#### [Work order]
Please set down only the lines running from the one with "Sold outKld Black Cap Sleeve Side Tie Dress" through the last line of the entries, exactly as written and without any pictures.
Data for this exercise Block Start
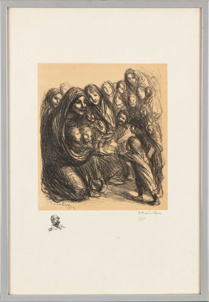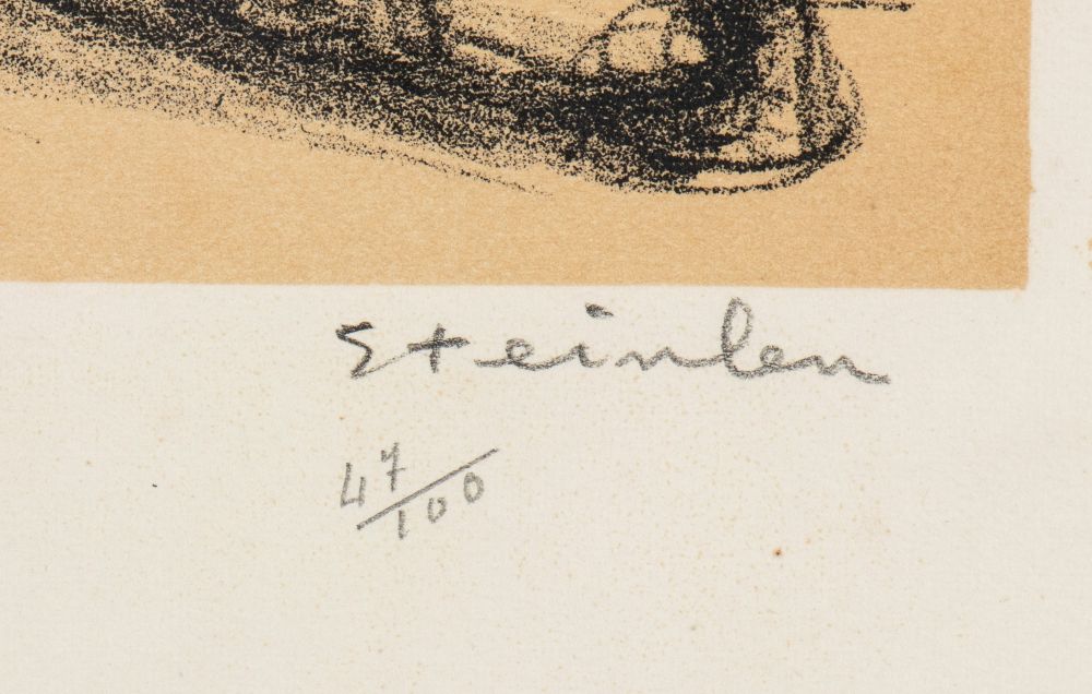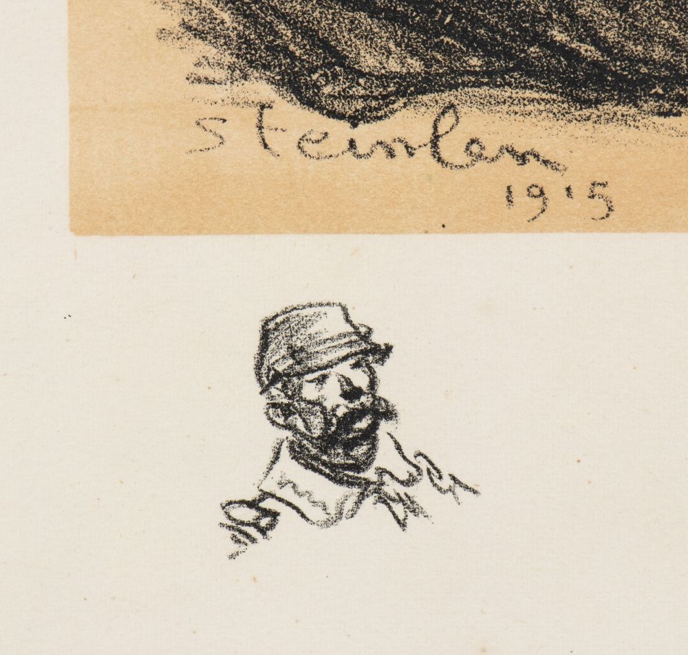 Tir. e firma in basso a destra: Steinlen, 47/100. Parte di una serie di otto litografie dedicate alla Grande Guerra del 1915 facenti parte del portfolio "La Guerre". Sono state pubblicate in due serie da 100 copie incluse alcune lastre tirate in 400 copie.
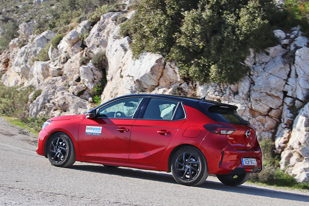 Αν ο οδηγός αποφασίσει να εξερευνήσει τις δυνατότητες πλαισίου, ανάρτησης και φρένων σε στροφές, θα έρθει αντιμέτωπος με ουδέτερες αντιδράσεις. Η ανάρτηση είναι μεν προσανατολισμένη στην άνεση, όμως δεν αφήνει το αμάξωμα να πάρει πολλές κλίσεις. Το μπροστινό ικανοποιεί σε απόκριση, αλλά το τιμόνι περνάει μια τεχνητή αίσθηση βάρους στα χέρια. Η πλατφόρμα CMP διακρίνεται για την ακαμψία που δίνει στο σασί, εξασφαλίζοντας στιβαρότητα στο πάτημα του Corsa. Η ισχύς του κινητήρα δεν προβληματίζει τους εμπρός τροχούς, καθώς για να προκύψει υποστροφή θα πρέπει να κλοτσήσεις το δεξί πεντάλ μέσα στη στροφή. Αυτή (η υποστροφή) είναι και η μοναδική αντίδραση που σε απασχολεί σε τυχόν απώλεια πρόσφυσης, καθώς η ουρά μένει καθηλωμένη σε κάθε περίπτωση, με το ESP να εξουδετερώνει επί τόπου όποια προσπάθεια αποσταθεροποίησης.
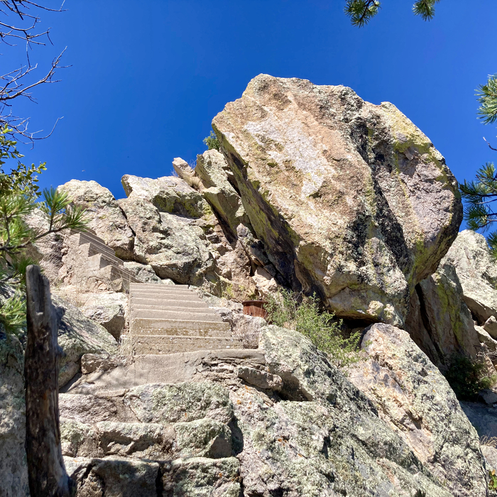 Some original stone steps at the bottom lead to more modern concrete steps above.
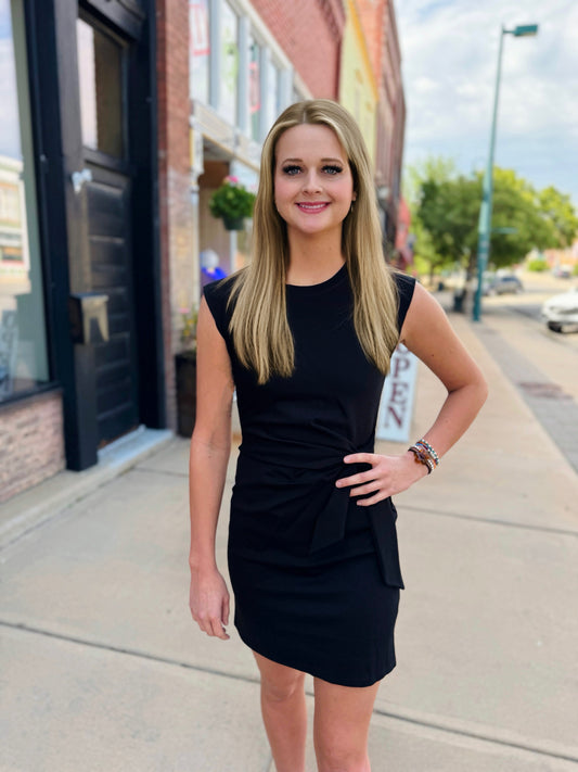 Sold outKld Black Cap Sleeve Side Tie Dress
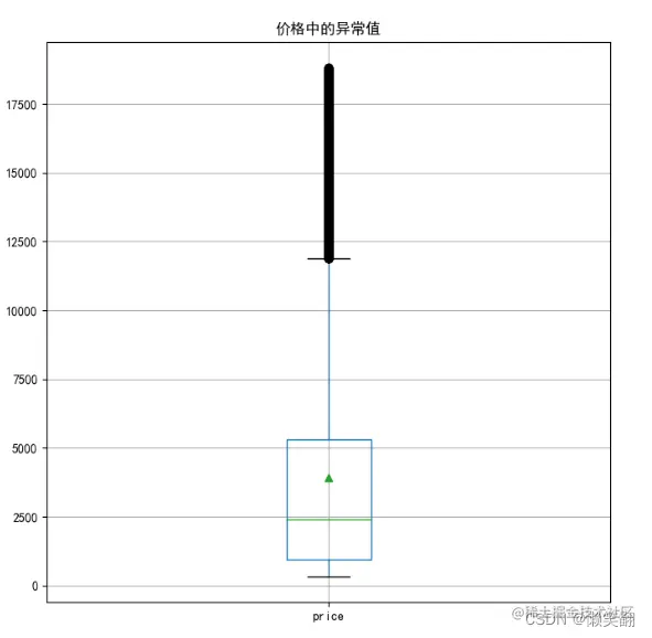 plt.title("价格中的异常值", size=12)
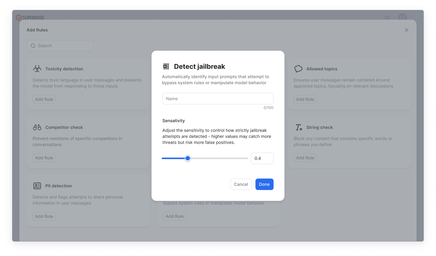 Jailbreak detection is based on the jailbreak-classifier open source model. It allows users to apply a detection mechanism to prevent attempts to bypass the model’s built-in boundaries and system prompts to generate unwanted or unexpected interactions. The higher the sensitivity parameter is configured, the greater the chance of this guardrail being activated and detecting violations.
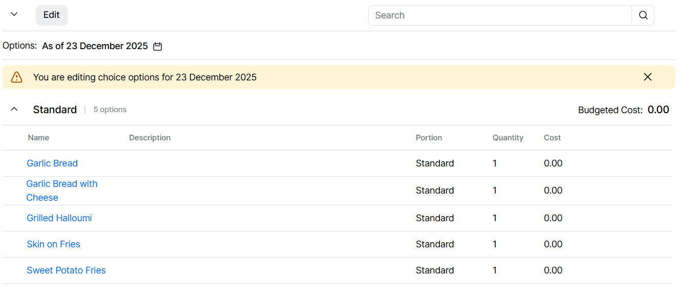 Removing any future dated options will also remove any configured ingredients or cook times for the selected date
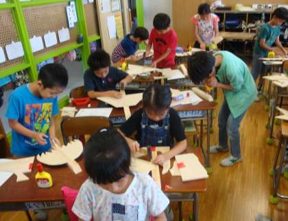 9/13 3年図工電動糸鋸を使って 公開日 2017/09/14 更新日 2017/09/14 できごと 3年生の図工の授業では電動糸鋸を使って飛行機をつくっていました。子どもたちは慣れた手つきでスイスイと板を切っていました。板を切ってつくった翼を胴体に釘でつけていました。初めての金づちでしたが、すぐにうまく打てるようになっていました。図工ボランティアの方が子どもたちを支援してくださいました。 いいね(0)
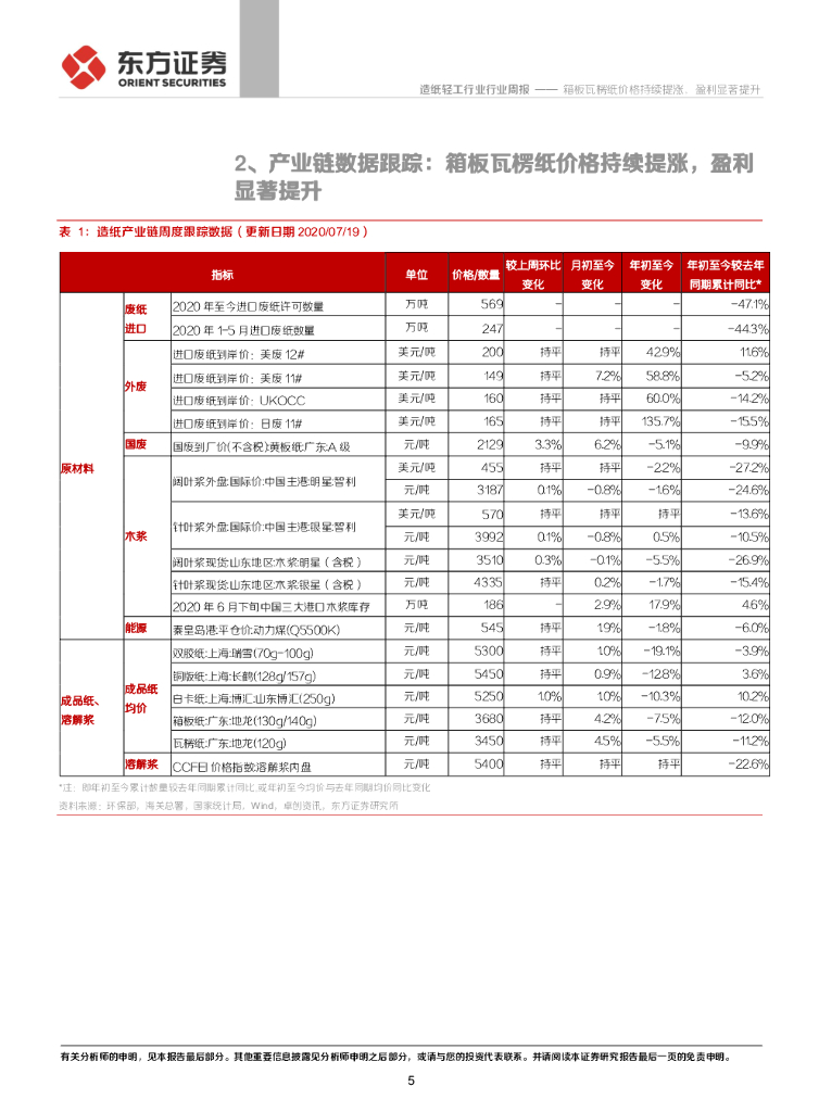 东方证券:造纸产业链数据每周速递:箱板瓦楞纸价格持续提涨,盈利显著提升.pdf
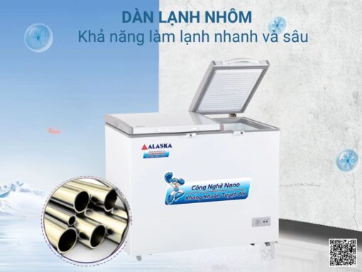 Tủ đông mát Alaska BCD-3571 trang bị dàn lạnh nhôm, cho khả năng làm lạnh nhanh và đều, nhiệt độ có thể xuống mức -18ºC, thoải mái bảo quản kem, thịt, hải sản và các thực phẩm đông lạnh khác. Cùng với công nghệ làm lạnh tiên tiến, cung cấp luồng khí lạnh đều khắp đến các ngóc ngách trong tủ giúp thực phẩm bên trong được bảo quản tốt và lâu, đảm bảo độ tươi ngon trong thời gian dài.
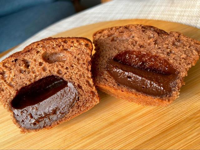 断面を見ると、トッピングのあんこが生地の中央部分にまで。
Data for this exercise Block End
#### [Output below]
 Sold outKld Black Cap Sleeve Side Tie Dress
 plt.title("价格中的异常值", size=12)
 Jailbreak detection is based on the jailbreak-classifier open source model. It allows users to apply a detection mechanism to prevent attempts to bypass the model’s built-in boundaries and system prompts to generate unwanted or unexpected interactions. The higher the sensitivity parameter is configured, the greater the chance of this guardrail being activated and detecting violations.
 Removing any future dated options will also remove any configured ingredients or cook times for the selected date
 9/13 3年図工電動糸鋸を使って 公開日 2017/09/14 更新日 2017/09/14 できごと 3年生の図工の授業では電動糸鋸を使って飛行機をつくっていました。子どもたちは慣れた手つきでスイスイと板を切っていました。板を切ってつくった翼を胴体に釘でつけていました。初めての金づちでしたが、すぐにうまく打てるようになっていました。図工ボランティアの方が子どもたちを支援してくださいました。 いいね(0)
 东方证券:造纸产业链数据每周速递:箱板瓦楞纸价格持续提涨,盈利显著提升.pdf
 Tủ đông mát Alaska BCD-3571 trang bị dàn lạnh nhôm, cho khả năng làm lạnh nhanh và đều, nhiệt độ có thể xuống mức -18ºC, thoải mái bảo quản kem, thịt, hải sản và các thực phẩm đông lạnh khác. Cùng với công nghệ làm lạnh tiên tiến, cung cấp luồng khí lạnh đều khắp đến các ngóc ngách trong tủ giúp thực phẩm bên trong được bảo quản tốt và lâu, đảm bảo độ tươi ngon trong thời gian dài.
 断面を見ると、トッピングのあんこが生地の中央部分にまで。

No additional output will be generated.